Model 4, entailing competition among private entities purchasing on behalf of a public insurance scheme, as in Colombia and the Netherlands, is not well suited to prevailing conditions in India. It would require developing risk equalization mechanisms in each state and further regulating competing private insurance companies, to ensure that they do not try to avoid high risk patients and select only the healthiest customers (cream-skimming). This would place excessive demands on public regulatory agencies at a time when they are still nascent in India.
The Way Forward
We therefore suggest that India pursue a PPS approach along the lines of Models 2 and 3, in which non-competing tax-financed public insurance agencies purchase care from a mix of public and private providers. These agencies could be public sector or parastatal agencies (Model 2) or regulated non-profit private entities (Model 3).

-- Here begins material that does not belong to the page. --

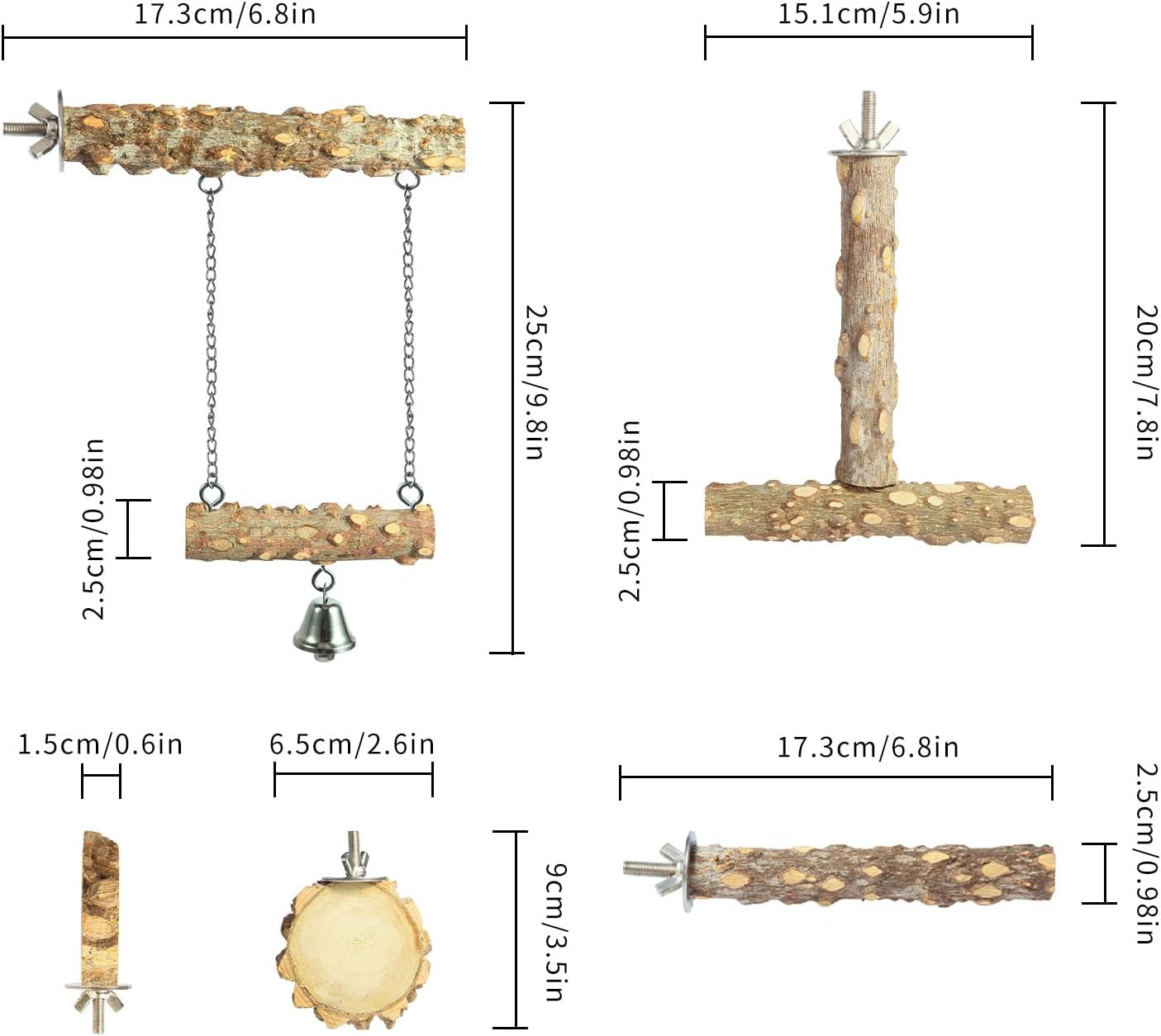 - Complete Set for Bird Enjoyment: Includes 1 Wooden Perch, 1 O-Shaped Platform, 1 Bird Swing, and 1 T-Shaped Perch. Offers a variety of perch types to simulate a natural habitat for your birds, promoting natural behaviors.

On the provision side, states like Tamil Nadu and Kerala, which have strong government health systems, could purchase health care from public hospitals and clinics, while in other states with weaker government health services and predominantly private providers, the major share of the purchasing might be from private sector.
Such a purchaser-provider split would allow Indian consumers to access the providers they prefer, while giving purchasers leverage to demand better quality, lower cost services. We see this as the best way for India to use its growing public purse to improve the health of its population.
The main arguments against a PPS in India are that private providers would exploit patients’ ignorance and purchasing institutions’ weakness to order costly medically unnecessary services; or, even worse, that the purchasers (especially where they are government-contracted private companies) would collude with private hospitals and doctors to bankrupt the system. While we acknowledge these as risks, we believe that through increasing public sector control and professionalization of purchasing, and stronger regulation of all providers, these risks can be effectively managed in India.
Whatever form of PPS Indian states decide to implement, they will need to take further steps to make their public insurance schemes truly universal. This means expanding the pool of eligible beneficiaries beyond families below the poverty line, to include all households. RSBY is beginning to do this, by incorporating other lower-income groups such as street vendors, taxi drivers, and sanitation workers.
Reaching universal coverage for the Indian public insurance schemes will also require broadening the benefits package to include a wider range of services. At present, RSBY and most state-sponsored schemes are limited to hospital services. Given India’s high rates of maternal and child illness and the significant burden of infectious disease, it is important that expanded government purchasing focus on primary and outpatient services.
The Modi government is at a crossroads. Either it can endorse a bold structural shift towards a purchaser-provider split or it can stay with the largely failing status quo by making modest supply-side adjustments. We would encourage the former. The time to act is now.